Antimüllerian hormone levels and cardiometabolic risk in young women with polycystic ovary syndrome
In young women with polycystic ovary syndrome, low antim€ullerian hormone levels, independently from age and race, predict a higher risk of metabolic syndrome.
Volume 107, Issue 1, Pages 276-281
Rebecca A. Feldman, M.D., Kathleen O'Neill, M.D., Samantha F. Butts, M.D., M.S.C.E., Anuja Dokras, M.D., Ph.D.
To determine the association between antimüllerian hormone (AMH) levels and metabolic syndrome (MetSyn) in young women with polycystic ovary syndrome (PCOS).
Academic PCOS center.
A total of 252 women aged 18–46 years with PCOS.
Main Outcome Measure(s)
Association of AMH with markers of cardiometabolic risk and MetSyn.

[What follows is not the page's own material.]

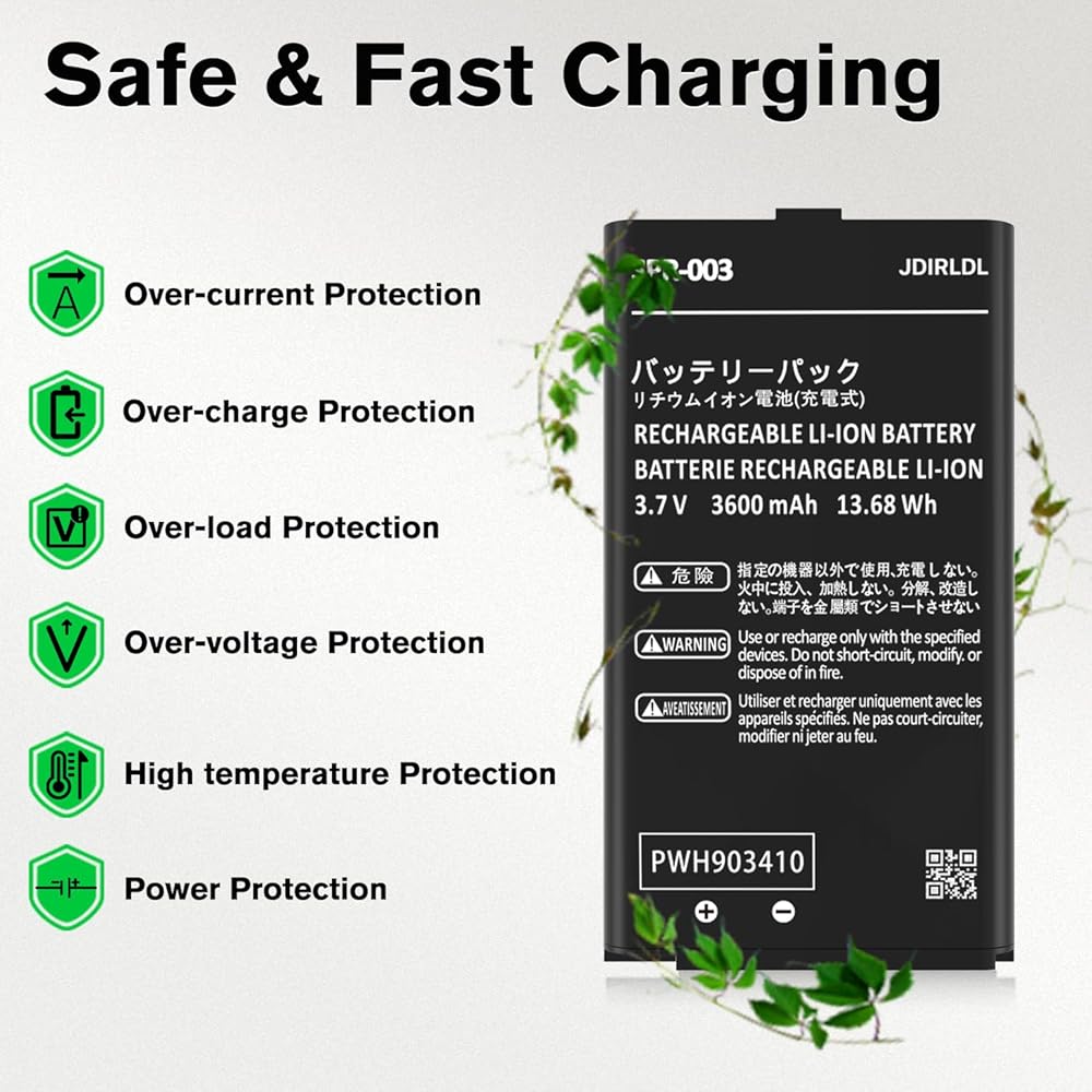 [3600mAh High Capacity] : Newly upgraded large capacity is 3600mAh has more power than Other Battery, brand new 0 cycle, built to last up to 1500 charging cycles to Give your game console a whole new life.

The median AMH level was 5.1 ng/mL (interquartile range [IQR] 3.0–8.1), and prevalence of MetSyn was 23.8%. AMH levels positively correlated with total T, high-density lipoprotein (HDL) cholesterol, and SHBG and negatively correlated with fasting glucose, homeostasis-model assessment of insulin resistance, body mass index (BMI), and systolic and diastolic blood pressure. A single-unit decrease in AMH was associated with an 11% increase in odds of MetSyn (odds ratio [OR] 1.11, 95% confidence interval [CI] 1.03–1.20); the strength of this association was maintained in the multivariate model (OR 1.09, 95% CI 1.01–1.18) adjusting for age and race. Subjects with AMH values in the lowest tertile were twice as likely as those in the highest tertile to have MetSyn (adjusted OR 2.1, 95% CI 1.01–4.3). Total T was not associated with MetSyn or its individual components.
Our findings indicate that in young women with PCOS, low AMH levels predict a greater risk of MetSyn. The role of AMH, an established biomarker of ovarian reserve, in risk stratification of cardiometabolic risk in obese women with PCOS needs to be clarified in longitudinal studies and in the perimenopausal population.